■ DIRECTIONS FOR THIS TASK
Using the records below, write out only the lines from the line containing "Верхняя часть пижамы" up to and including the line containing "Two Smashbox SBX", exactly, with no pictures.

■ Stored items from a collection
════

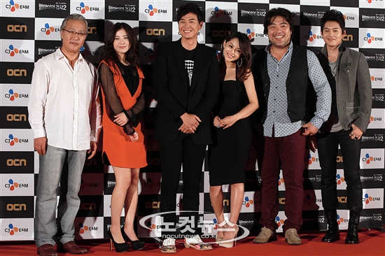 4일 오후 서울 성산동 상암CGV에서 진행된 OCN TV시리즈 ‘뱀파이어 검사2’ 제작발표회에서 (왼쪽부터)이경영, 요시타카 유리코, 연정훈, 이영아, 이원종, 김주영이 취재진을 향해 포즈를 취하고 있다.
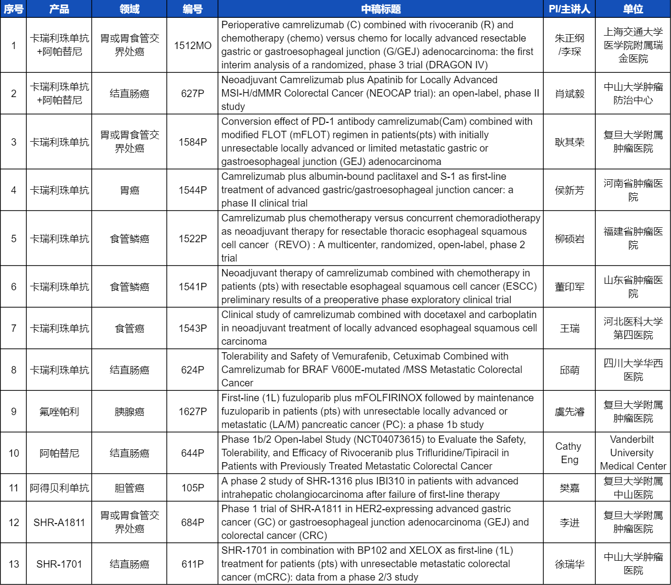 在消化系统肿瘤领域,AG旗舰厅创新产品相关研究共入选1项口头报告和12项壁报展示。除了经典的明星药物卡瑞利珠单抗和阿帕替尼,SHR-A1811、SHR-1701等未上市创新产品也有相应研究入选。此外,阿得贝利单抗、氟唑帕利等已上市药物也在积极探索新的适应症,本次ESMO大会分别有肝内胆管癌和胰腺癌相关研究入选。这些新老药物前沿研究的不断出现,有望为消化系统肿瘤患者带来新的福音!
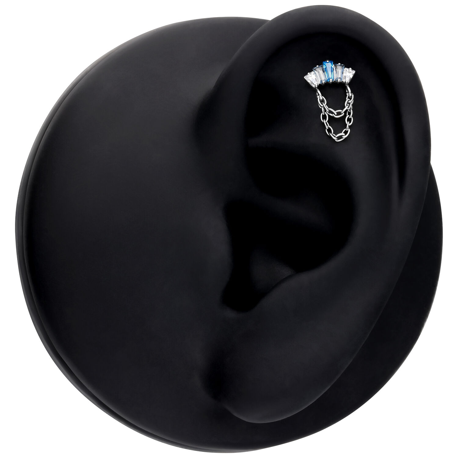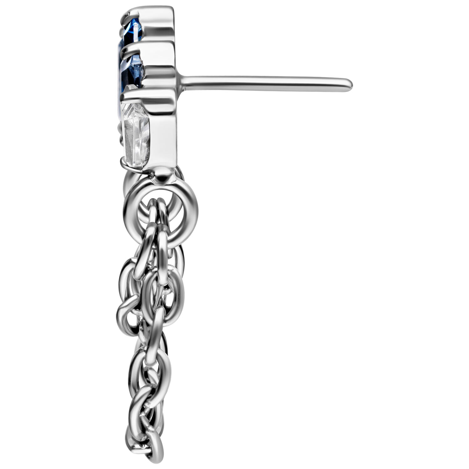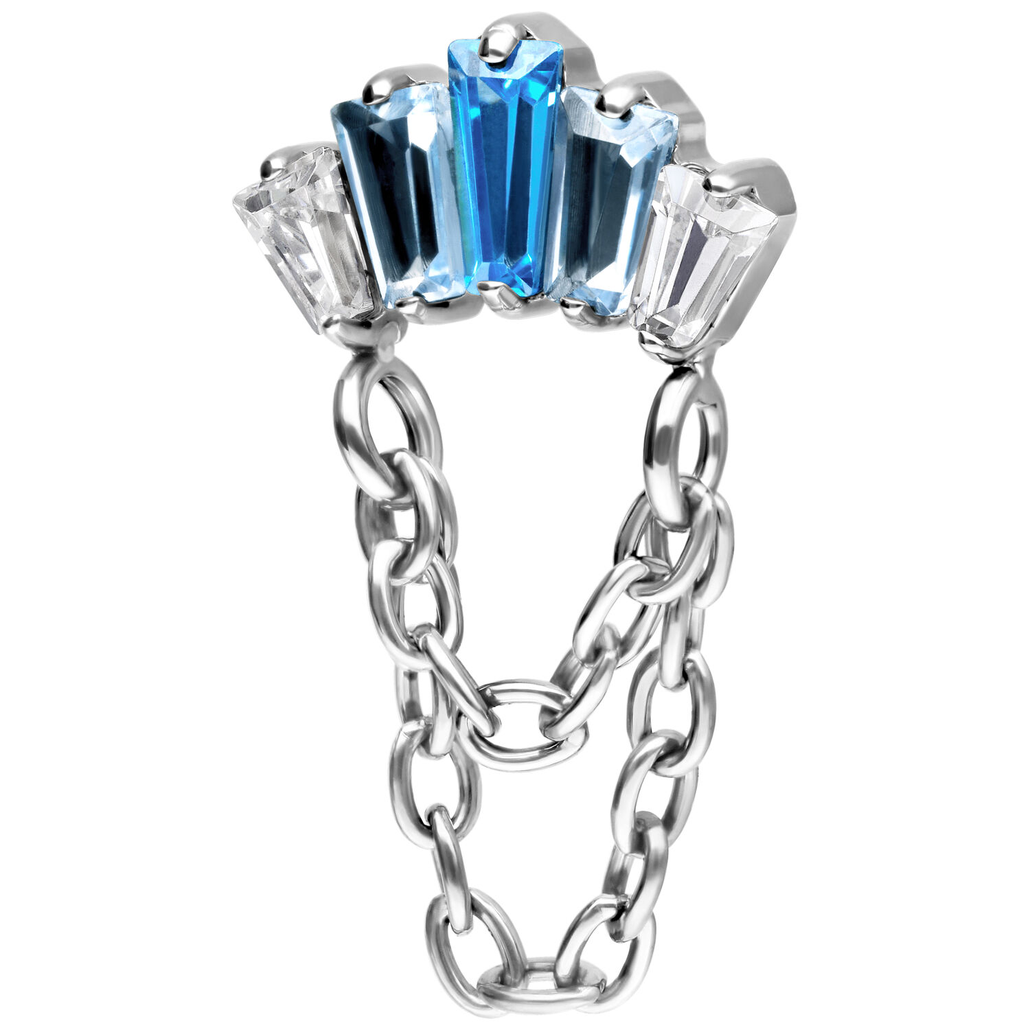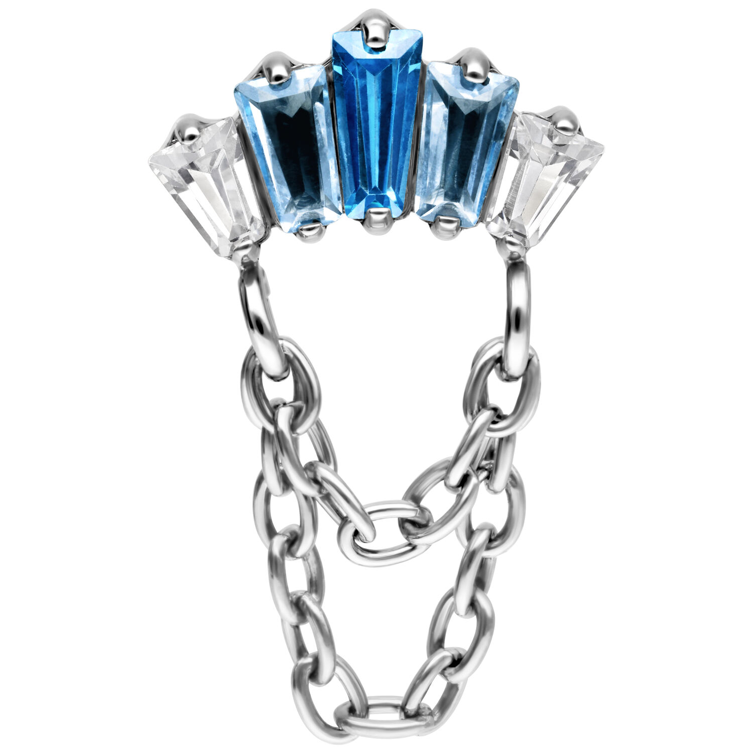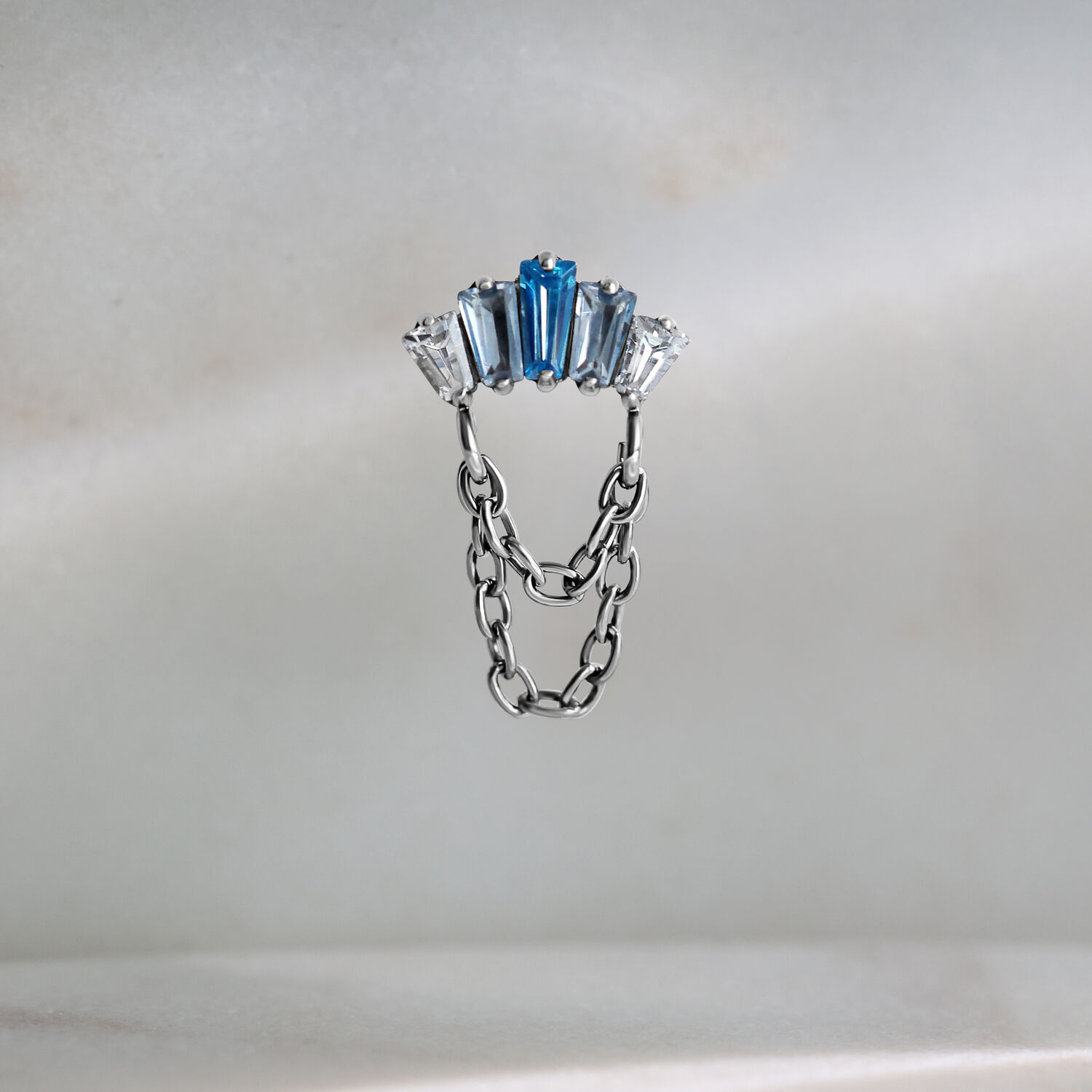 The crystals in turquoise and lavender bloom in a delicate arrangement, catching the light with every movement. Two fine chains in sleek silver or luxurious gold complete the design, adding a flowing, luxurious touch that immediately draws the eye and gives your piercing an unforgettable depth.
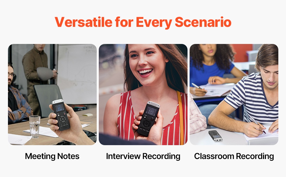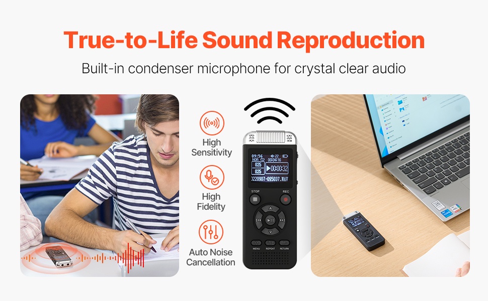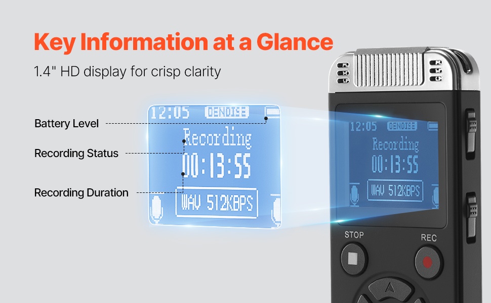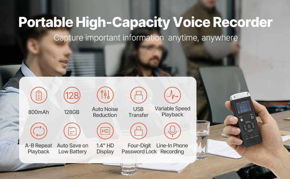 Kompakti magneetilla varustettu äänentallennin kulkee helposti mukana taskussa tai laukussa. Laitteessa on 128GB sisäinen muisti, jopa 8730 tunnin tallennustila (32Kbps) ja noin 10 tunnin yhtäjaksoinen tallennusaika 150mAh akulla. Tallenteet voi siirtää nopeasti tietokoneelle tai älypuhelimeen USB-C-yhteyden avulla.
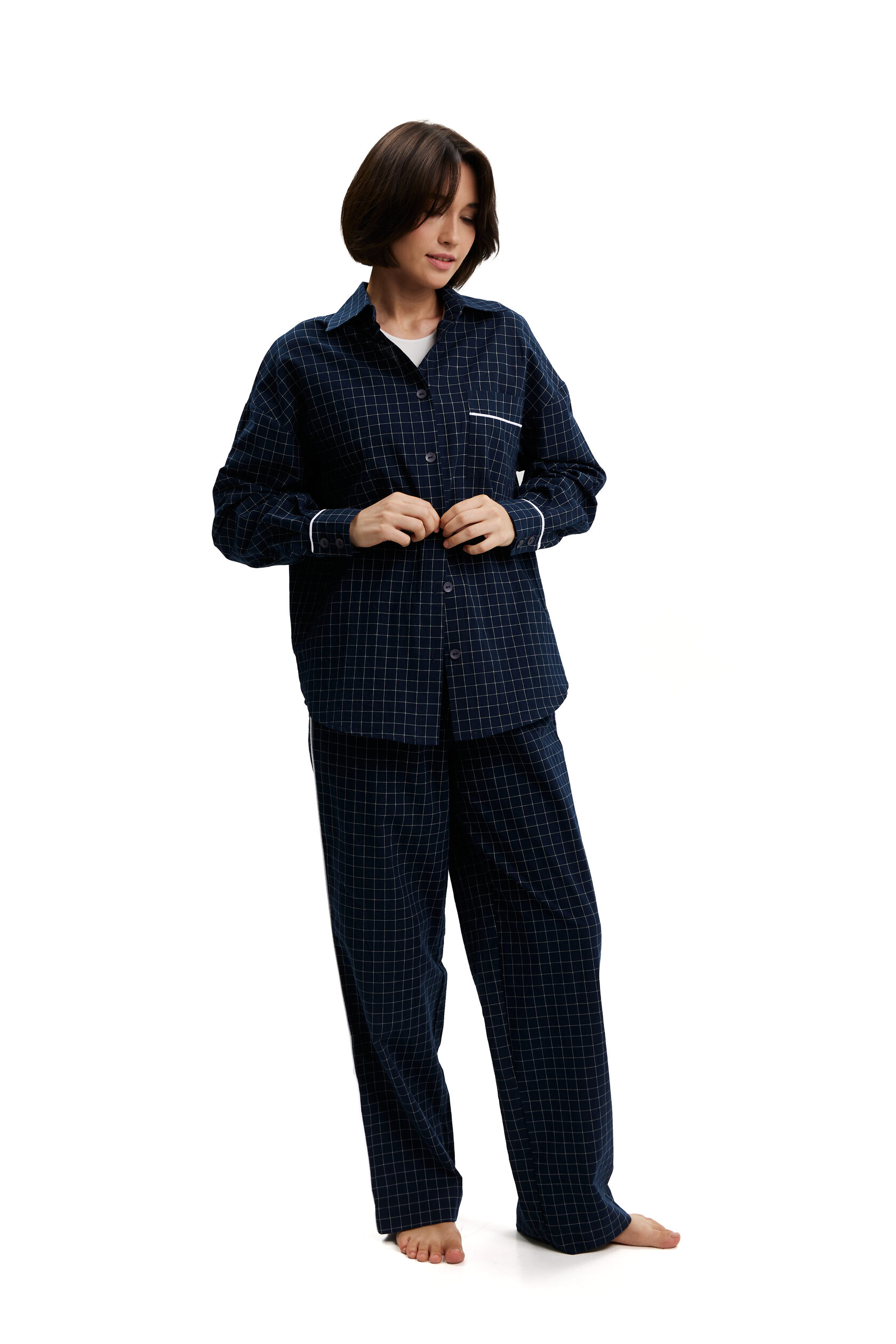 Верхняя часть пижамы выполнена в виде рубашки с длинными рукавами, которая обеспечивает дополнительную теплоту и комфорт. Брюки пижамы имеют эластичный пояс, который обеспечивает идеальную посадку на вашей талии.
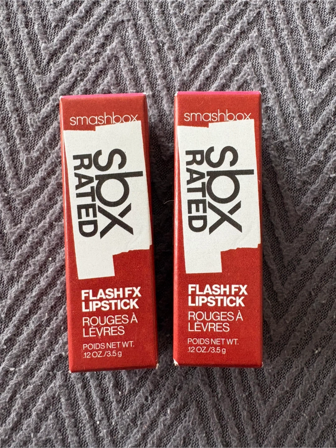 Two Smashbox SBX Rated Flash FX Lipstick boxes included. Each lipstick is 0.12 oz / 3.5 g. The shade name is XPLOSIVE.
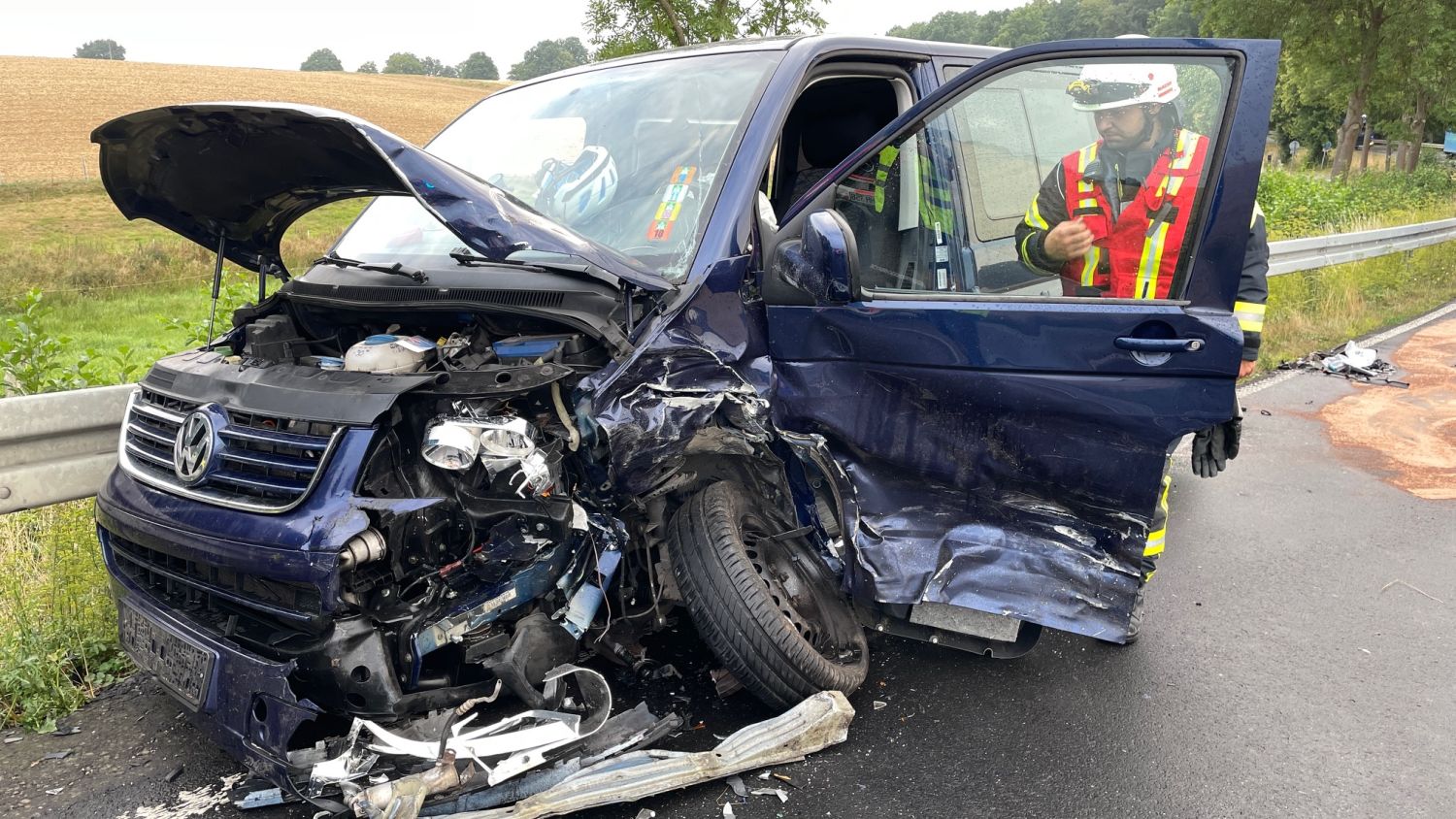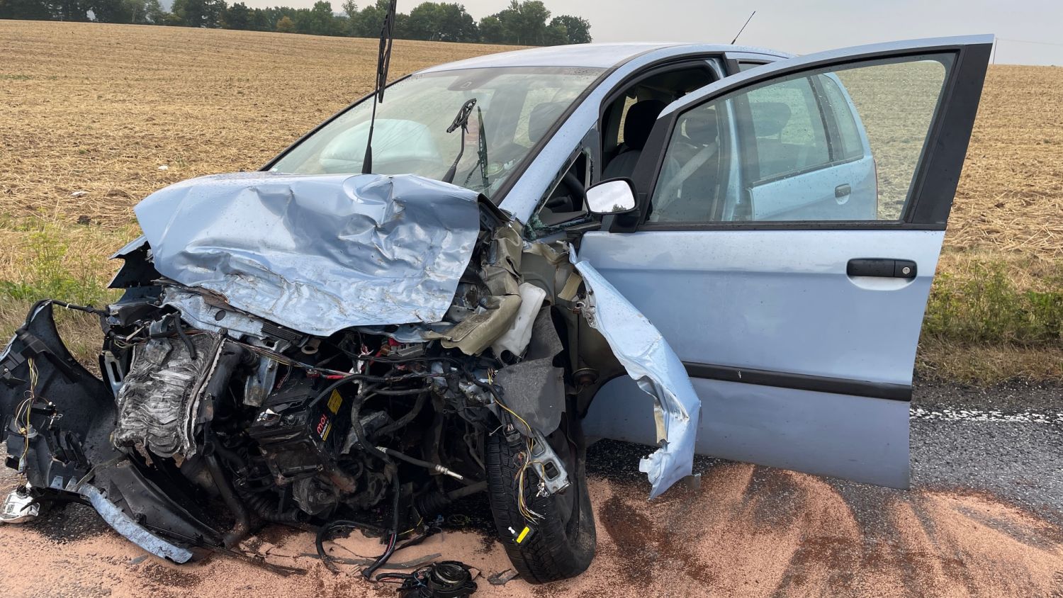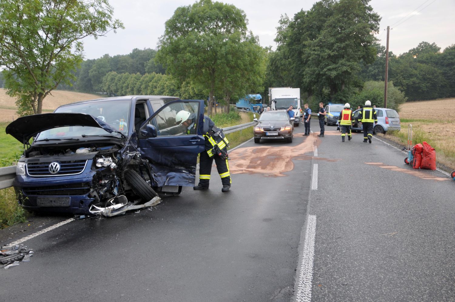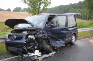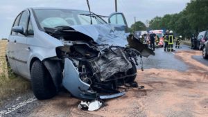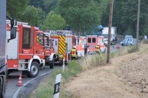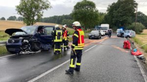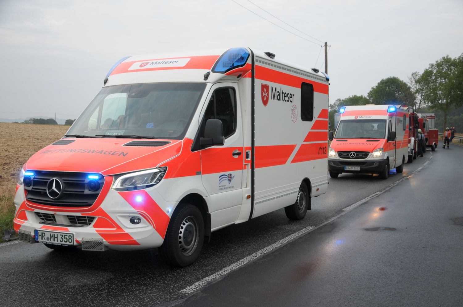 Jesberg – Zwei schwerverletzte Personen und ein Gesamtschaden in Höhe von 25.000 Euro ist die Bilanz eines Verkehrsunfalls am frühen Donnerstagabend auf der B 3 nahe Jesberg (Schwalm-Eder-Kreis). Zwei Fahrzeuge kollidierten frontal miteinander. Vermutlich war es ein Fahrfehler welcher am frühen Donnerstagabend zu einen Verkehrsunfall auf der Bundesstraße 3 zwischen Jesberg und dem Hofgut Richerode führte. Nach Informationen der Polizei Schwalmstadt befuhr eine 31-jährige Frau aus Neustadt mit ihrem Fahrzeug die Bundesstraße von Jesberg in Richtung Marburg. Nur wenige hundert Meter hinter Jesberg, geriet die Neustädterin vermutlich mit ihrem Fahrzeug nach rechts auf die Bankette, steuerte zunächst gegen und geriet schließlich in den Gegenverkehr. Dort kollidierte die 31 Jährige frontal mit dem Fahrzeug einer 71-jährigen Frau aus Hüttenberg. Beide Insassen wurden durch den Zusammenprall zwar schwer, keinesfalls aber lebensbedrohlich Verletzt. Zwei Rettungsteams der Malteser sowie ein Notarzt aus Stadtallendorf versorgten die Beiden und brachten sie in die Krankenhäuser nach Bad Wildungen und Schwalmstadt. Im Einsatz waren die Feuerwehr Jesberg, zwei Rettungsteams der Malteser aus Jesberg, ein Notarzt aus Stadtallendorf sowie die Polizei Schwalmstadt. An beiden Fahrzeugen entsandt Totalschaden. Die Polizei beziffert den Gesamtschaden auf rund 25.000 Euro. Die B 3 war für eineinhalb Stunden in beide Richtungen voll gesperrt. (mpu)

════

■ WRITTEN REPLY
 Верхняя часть пижамы выполнена в виде рубашки с длинными рукавами, которая обеспечивает дополнительную теплоту и комфорт. Брюки пижамы имеют эластичный пояс, который обеспечивает идеальную посадку на вашей талии.
 Two Smashbox SBX Rated Flash FX Lipstick boxes included. Each lipstick is 0.12 oz / 3.5 g. The shade name is XPLOSIVE.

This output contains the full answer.